▶ [ABOUT THIS TASK]: From the listing below, output the lines between the one with "Retro / Vintage" and the one with "- Inkl. exklusives 4-Gang Valentins-Menü", including those two, and nothing else. Pictures are not copied.

▶ [DATA RECORDS]:
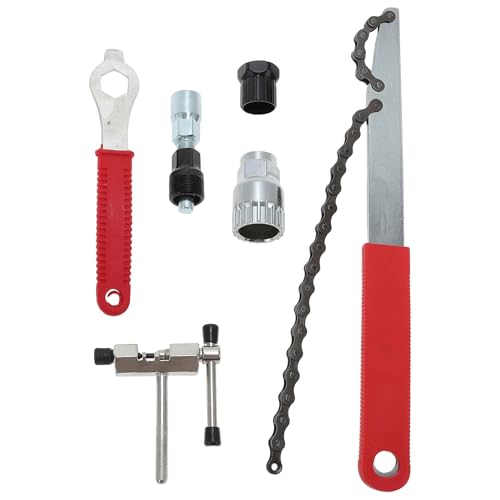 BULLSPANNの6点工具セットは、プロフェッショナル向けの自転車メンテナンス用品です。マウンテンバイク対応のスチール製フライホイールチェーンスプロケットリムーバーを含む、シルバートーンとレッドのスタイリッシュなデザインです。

...

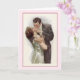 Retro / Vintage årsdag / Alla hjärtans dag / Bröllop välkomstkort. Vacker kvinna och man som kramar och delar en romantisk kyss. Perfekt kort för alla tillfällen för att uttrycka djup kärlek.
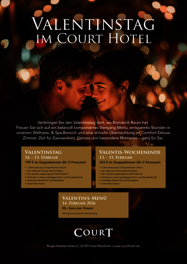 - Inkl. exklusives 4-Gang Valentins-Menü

▶ [ANSWER TO THE EXERCISE]:
 Retro / Vintage årsdag / Alla hjärtans dag / Bröllop välkomstkort. Vacker kvinna och man som kramar och delar en romantisk kyss. Perfekt kort för alla tillfällen för att uttrycka djup kärlek.
 - Inkl. exklusives 4-Gang Valentins-Menü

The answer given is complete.